The solution for finding similar images is much more complex so I will stick to the finding duplicate images first. The easiest thing to do is to take a SHA1 hash of image bits. Here is some code in C# to accomplish this (see below). As for storing the hash in a database, I would recommend that you use a binary(20) datatype to store the results of the hash. This allows your SQL server to index and query much faster than storing this hash as a string or some other format.

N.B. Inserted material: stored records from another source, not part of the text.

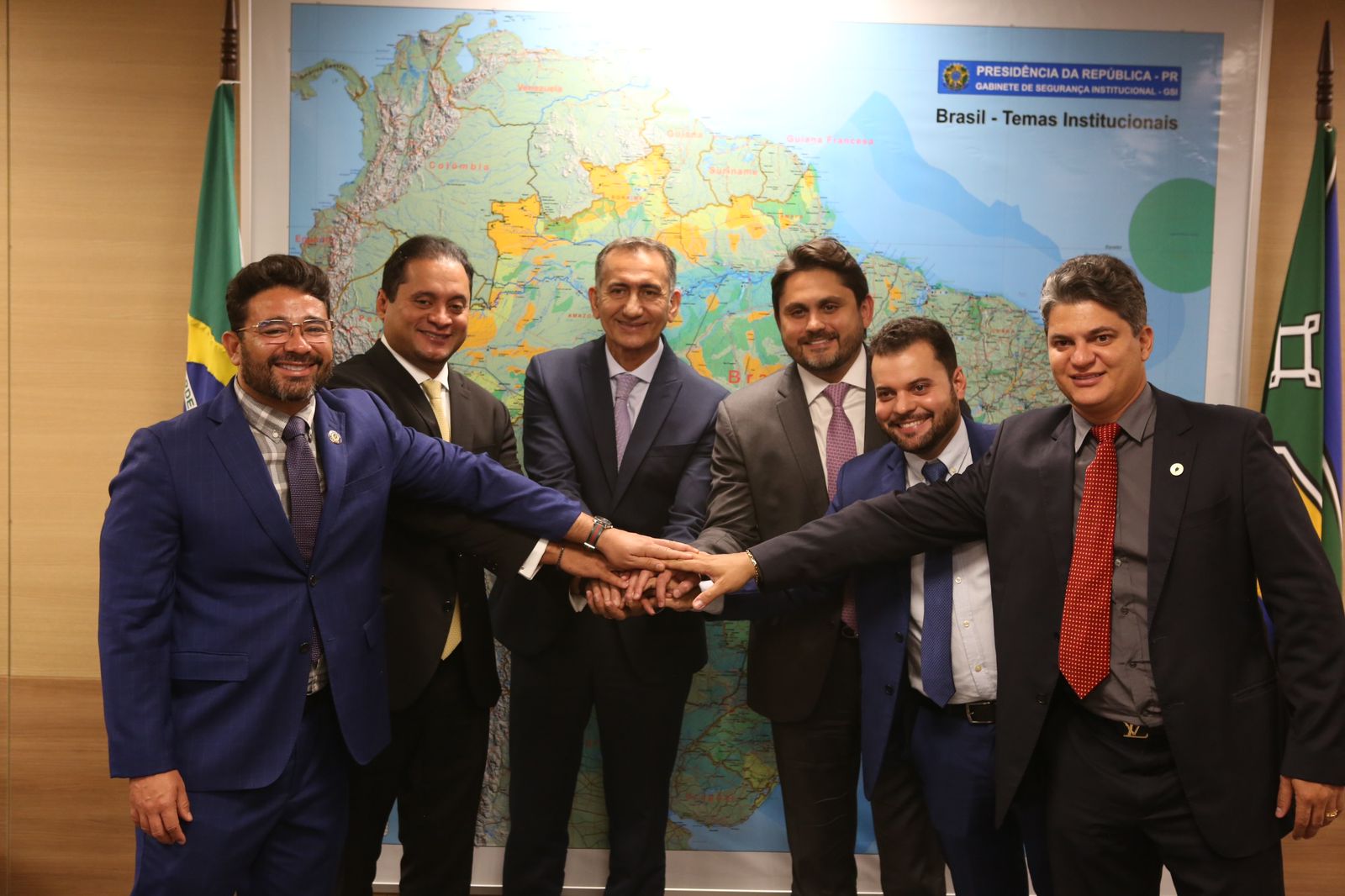 Waldez Góes recebeu o ministro das Comunicações, Juscelino Filho, o senador Weverton Rocha (PDT/MA) e os prefeitos de Trizidela do Vale (MA), Deibson Balé, e Peritoró (MA), Josué Júnior. Os dois municípios do Maranhão foram atingidos por chuvas intensas dos últimos meses (Fotos: Dênio Simões e Márcio Pinheiro/MIDR)
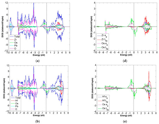 Under GGA + U (U of Zr, Hf, V and Os set up as 2) schemes, the calculated total and partial DOS values of (a) Pb2ZrOsO6, (b) Pb2HfOsO6 and (c) Pb2VOsO6 and the partial DOS of eg and t2g spin orbitals for (d) Zr and Os and (e) Hf and Os and (f) V and Os.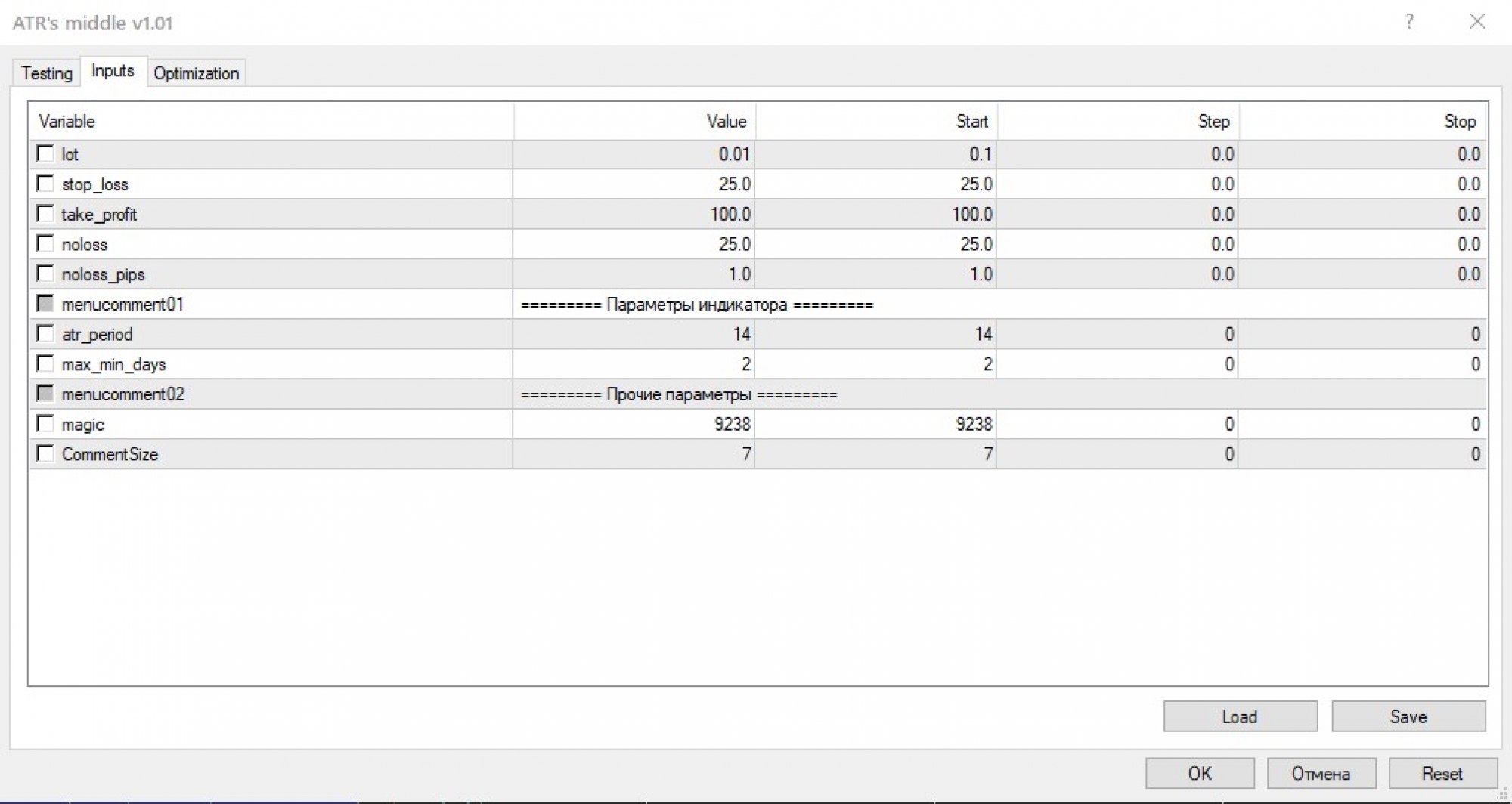 - Индикатор ATR с периодом 14.

private static byte[] GetHashCodeForFile(string file)
{
    int maxNumberOfBytesToUse = 3840000;

    using (Stream sr = File.OpenRead(file))
    {
        byte[] buffer = (sr.Length > maxNumberOfBytesToUse) ? new byte[maxNumberOfBytesToUse]: new byte[sr.Length];

        int bytesToReadIn = (sr.Length < maxNumberOfBytesToUse) ? (int)sr.Length : maxNumberOfBytesToUse;

        sr.Read(buffer, 0, bytesToReadIn);
        System.Security.Cryptography.HashAlgorithm hasher = System.Security.Cryptography.SHA1.Create();
        byte[] hashCode = hasher.ComputeHash(buffer);
        return hashCode;

    }
}

Searching for similar images is a difficult problem currently undergoing much research. And it kind of depends on how you define similar. Some prominent methods for finding similar images are:

  • Check the metadata (EXIF or similar) tags in the image file for creation date, similar images can be taken at times that are similar to each other. This may not be the best thing for what you want.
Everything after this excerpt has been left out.